▸ Exercise data
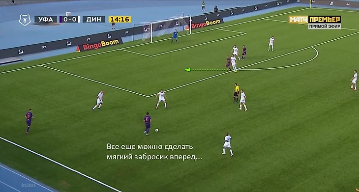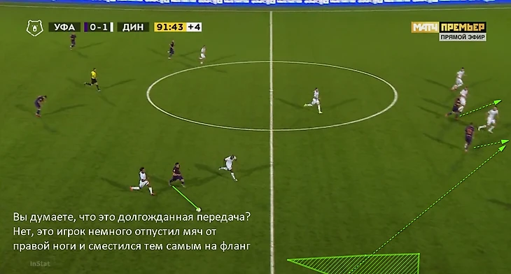 Но, прокидывая вперед мяч, далеко отпускает снаряд от стопы, что чревато, как потерей мяча, так и изменением и замедлением направления атаки.
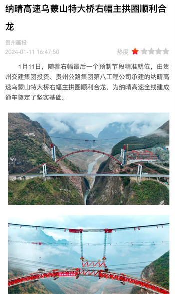 大干开新局 | 乌蒙山特大桥右幅主拱圈顺利合龙
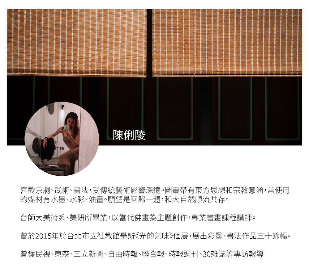 台師大美術系、美研所畢業,以當代佛畫為主題創作,專業書畫課程講師。

▸ What you have to do
Working from the line that contains "大干开新局 | 乌蒙山特大桥右幅主拱圈顺利合龙" to the last line of the listing, please quote each line exactly, pictures excluded.

▸ Answer to this task
 大干开新局 | 乌蒙山特大桥右幅主拱圈顺利合龙
 台師大美術系、美研所畢業,以當代佛畫為主題創作,專業書畫課程講師。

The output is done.